To address the speech understanding limitations associated with high-frequency hearing loss, we have developed a vibrotactile sensory substitution solution in the form of a wristband (Novich & Eagleman, 2015; Perrotta et al., 2021; Eagleman & Perrotta, 2023). This device delivers spatially unique vibrations to the wrist in correspondence with target phonemes that are commonly difficult for individuals with presbycusis to detect. The wristband receives sound from the environment through an onboard microphone and uses a machine learning algorithm to filter background noise and extract target phonemes from speech. Each phoneme signal is mapped to its own unique linear resonant actuator (LRA) in the strap of the wristband where it is felt as a vibration on the skin. There are four LRAs embedded within the wristband strap, giving each target phoneme a unique spatial location on the wrist. Parts of speech that are audible to the user are unconsciously integrated with the spatially unique vibratory signals representing the inaudible portions of speech. The user is then able to understand a complete and meaningful message through integration of the complementary sensory inputs.
Our own prior work in this area demonstrated that when two words are algorithmically translated into spatiotemporal patterns of vibration on the skin of the wrist, they are distinguishable to individuals who are hard of hearing or deaf up to 83% of the time for two words that are similar and up to 100% of the time for two words that are not similar (Perrotta et al., 2021; Cieśla et al., 2022). Further studies showed that sound-to-touch sensory substitution devices may help people with hearing impairments, allowing them to access sensory information otherwise unable to be accessed. Weisenberger & Russell (1989) used single channel vibrotactile aids designed to translate acoustic stimuli into representative vibration patterns on the wrist to improve performance on environmental sound identification tests from 55% to 95% correct and improve performance on single word identification testing from 60% to 90%.
In this study, we demonstrate that a simple wearable sensory substitution device that transforms speech sounds into haptic vibrations on the wrist can help individuals with high frequency hearing loss better understand speech communication throughout their normal daily routine.
This will improve the quality and productivity of their daily interactions, allow them to enjoy audio based entertainment such as movies and podcasts, help them understand conversations in complicated acoustic environments, and fill the residual gaps of impairment left by their hearing aids.
Methods
Device
Participants wore a haptic wristband (Figure 1) that vibrates to indicate the occurrence of specific phonemes. The wristband contains four vibrating motors embedded in the wrist strap, a microphone, a power button, a microcontroller, and a battery.
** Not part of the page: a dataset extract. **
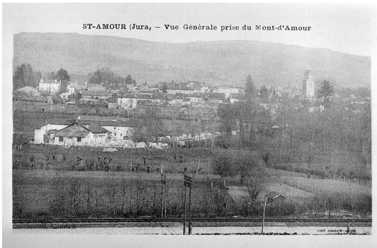
St-Amour (Jura) - Vue Générale prise du Mont-d'Amour.

The motors are linear resonant actuators (LRAs) which vibrate in a sine wave and are capable of rising from 0 to 50% of their maximum amplitude within 30 ms. The motors vibrate at 175 Hz, the frequency at which human skin has the highest sensitivity (Verrillo, 1980). Each motor vibrates at 1.7 GRMS (16.6 m/s2). The motors are separated from one another at a distance of 18.2 mm and 19.2 mm for the small and large wristband sizes, respectively (center-to-center distances). Each motor pad contacts the wearer’s skin on a rectangular area that measures approximately 8.2 mm by 8.5 mm.
The top of the wristband is a module that contains the power button, a microphone, and a microcontroller. The microphone captures audio and sends this data to the microcontroller. The microcontroller processes the audio data through a phoneme-detection algorithm and vibrates the motors according to the output of the algorithm.
Algorithm
The algorithm processes incoming audio to determine when any target phoneme is detected. If a target phoneme is detected, the corresponding motor vibrates for 80 ms.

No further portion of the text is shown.